Hi, this should be good for 2, just make sure the water is boiling hot as you want to make sure you don't end up boiling the spices :)
I also microware the watered down tomato puree for 30-60 seconds as well so it doesn't reduce the heat in the pan
Hope it helps, Josh
5 tablespoons of vegetable oil
1 large sliced brown or white onion
1/2 of a red sliced pepper
1/2 of a green sliced pepper
2.5 tablespoons of ginger garlic paste
4 tablespoons of tomato paste mixed with 4 tablespoons of water
1.5 tablespoons of mix powder or curry powder
2 teaspoons of coriander powder
1 teaspoon of chilli powder
1/2 teaspoon salt
1/2 teaspoon cumin powder
1/2 teaspoon turmeric powder
1/2 teaspoon sugar
5 birds eye or finger chillies, sliced
3/4 of a teaspoon of tandoori masala powder
1/2 of a teaspoon of mustard
400 millilitres of boiling water
10-12 pieces of meat, veg, paneer or tofu
2 green finger chilli (decoration)
1 tomato sliced into 8 pieces
1/4 of a cup of fresh, chopped coriander (decoration)
Thank you!
Nice one Josh 👍🏻
Many thanks, appreciated :)
The Curry Kid Subscribed 👍🏻
Thank you, that's great :)
So the onions and peppers will be rock hard then?

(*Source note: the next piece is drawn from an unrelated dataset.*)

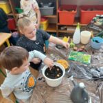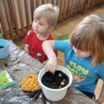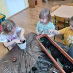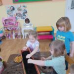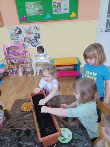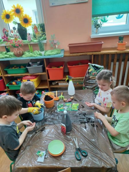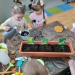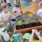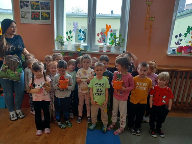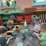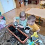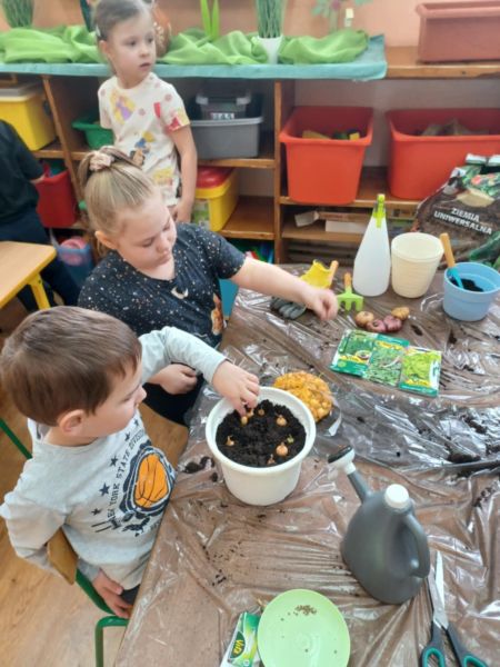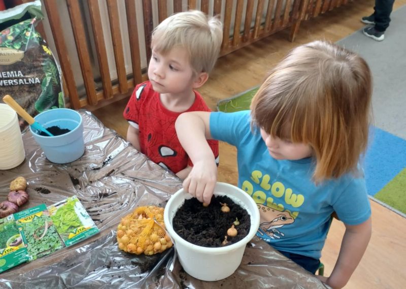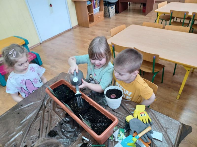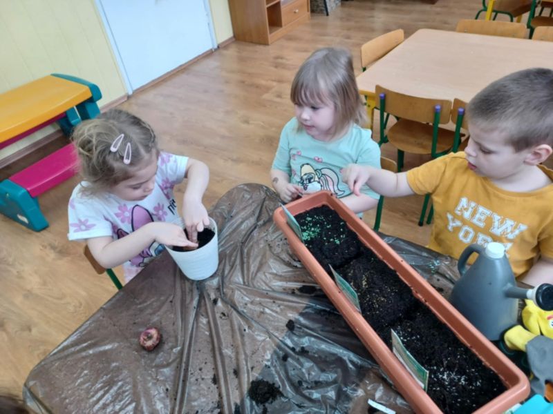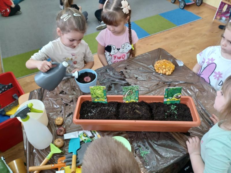 Dnia 25 marca dzieci z grupy „Zające” założyły zielony ogródek w sali przedszkolnej. Przed przystąpieniem do prac oglądały zgromadzone cebulki, nasionka i narzędzia potrzebne do prac w ogrodzie. Rozumiały, że rosliny do wzrostu potrzebują powietrza, gleby, wody i światła. Dzieci z wielkim zaangażowaniem siały koperek, sałatę, szczypiorek, rzodkiewkę i pietruszkę. Z niecierpliwością czekamy na nasze plony.

No, completely soft but will have a charred edge and the extra taste. Remember they are fried on their own first for a few minutes and then in the pan all the time all the other ingredients are being added and simmered down. This cook was 9 mins from start to finish so plenty of time for them to soften fully.
@@TheCurryKid made it today. delicious mate.
@@planesstevee Wow, great to hear. Thanks for letting me know. :)
Great Recipe - just do not agree cooking in aluminium pans - I do not want to end up with memory problems later on in life.